- [What is needed] Reproduce every line of the material below exactly. No pictures belong in the copy.
::: Record set
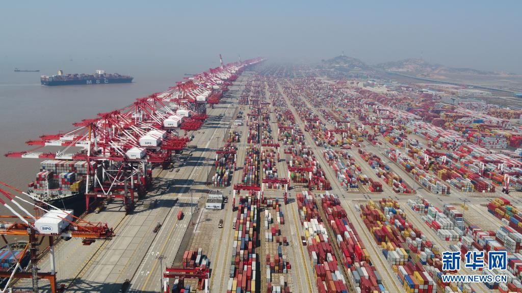 這是2020年3月18日拍攝的上海洋山港集裝箱碼頭(無人機照片)。新華社記者 丁汀 攝
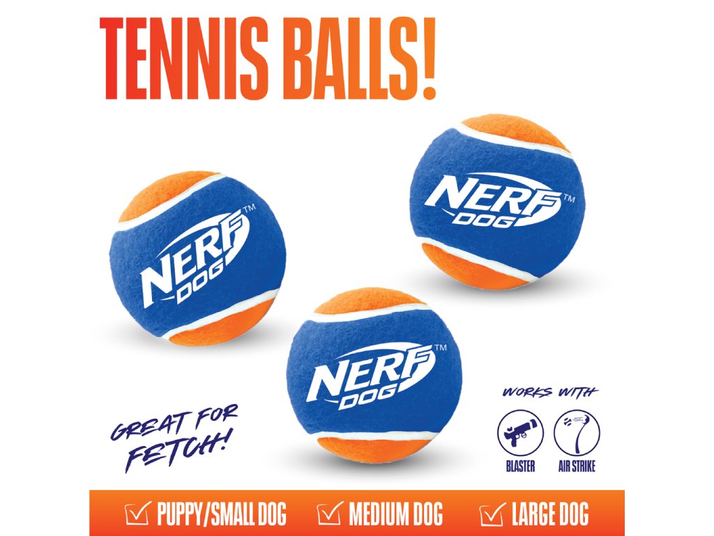 NERF DOG Hračka pro psy 3 ks tenisových míčků bez pískadla v tlakové dóze 6,5 cm
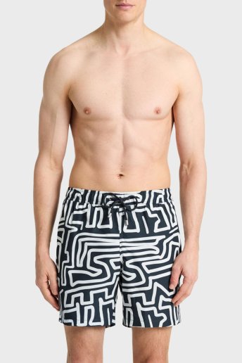 Desenli File Astarlı Regular Fit Hızlı Kuruyan Cepli Erkek Mayo Short BM25003011MS 1139 SİYAH-BEYAZ
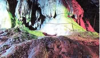 由于山体碳酸钙结晶胶结,整座山体中形成了诸多形状怪异的岩溶洞,而且洞中有洞,洞洞相连;洞洞有潭,流水潺潺。有一处溶洞,洞长几十米,宛转幽深,进入洞中脚下溪水流淌,遍布于洞内的奇观异景———笑佛端坐、神猴攀飞、群猴欢聚、壁虎伏岩、乳石垂悬、石花争艳等幽洞妙景,形态万千,奇美异常。
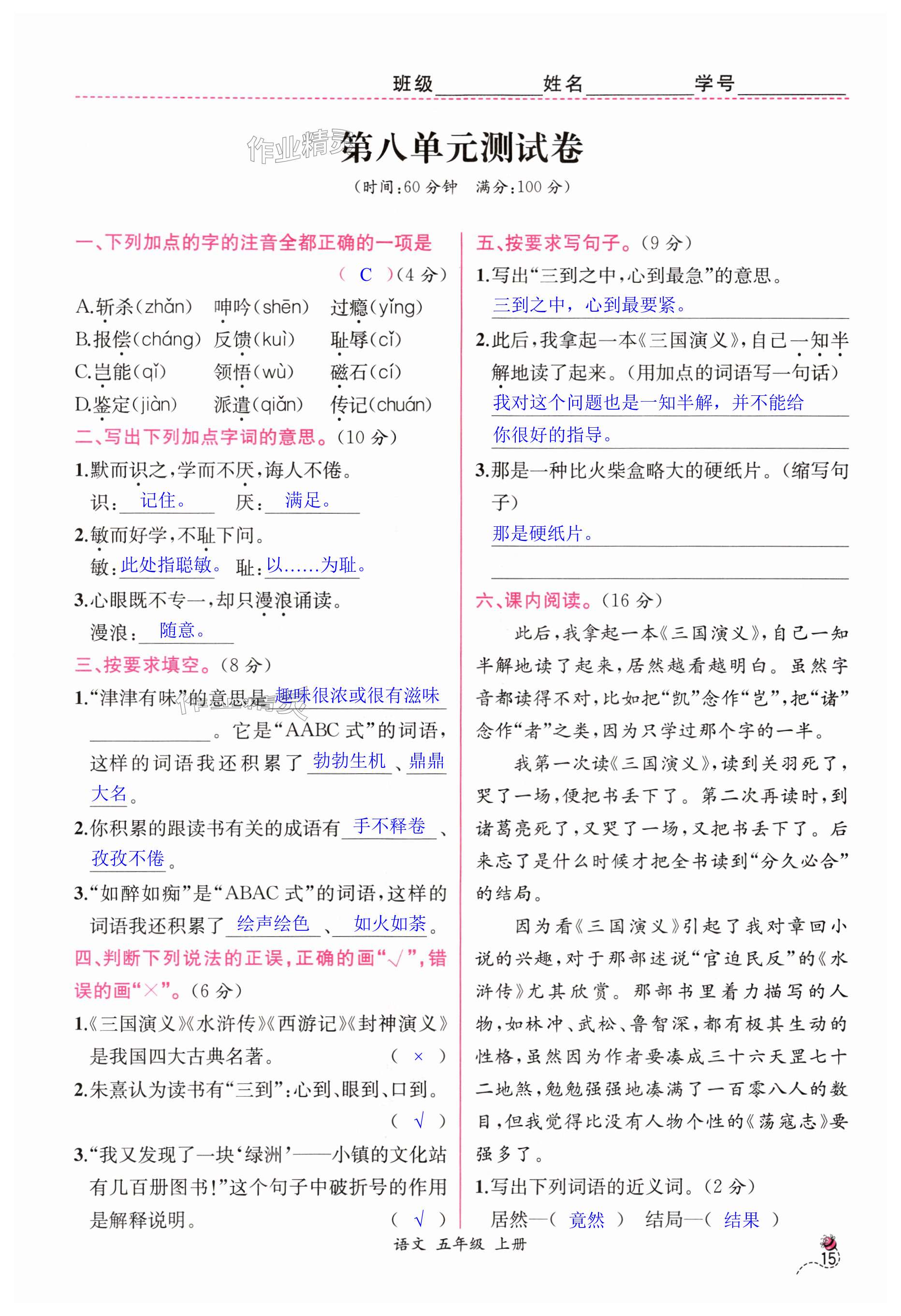 注:目前有些书本章节名称可能整理的还不是很完善,但都是按照顺序排列的,请同学们按照顺序仔细查找。练习册 2024年同步导学案课时练五年级语文上册人教版 答案主要是用来给同学们做完题方便对答案用的,请勿直接抄袭。
::::::
- [Your solution]
 這是2020年3月18日拍攝的上海洋山港集裝箱碼頭(無人機照片)。新華社記者 丁汀 攝
 NERF DOG Hračka pro psy 3 ks tenisových míčků bez pískadla v tlakové dóze 6,5 cm
 Desenli File Astarlı Regular Fit Hızlı Kuruyan Cepli Erkek Mayo Short BM25003011MS 1139 SİYAH-BEYAZ
 由于山体碳酸钙结晶胶结,整座山体中形成了诸多形状怪异的岩溶洞,而且洞中有洞,洞洞相连;洞洞有潭,流水潺潺。有一处溶洞,洞长几十米,宛转幽深,进入洞中脚下溪水流淌,遍布于洞内的奇观异景———笑佛端坐、神猴攀飞、群猴欢聚、壁虎伏岩、乳石垂悬、石花争艳等幽洞妙景,形态万千,奇美异常。
 注:目前有些书本章节名称可能整理的还不是很完善,但都是按照顺序排列的,请同学们按照顺序仔细查找。练习册 2024年同步导学案课时练五年级语文上册人教版 答案主要是用来给同学们做完题方便对答案用的,请勿直接抄袭。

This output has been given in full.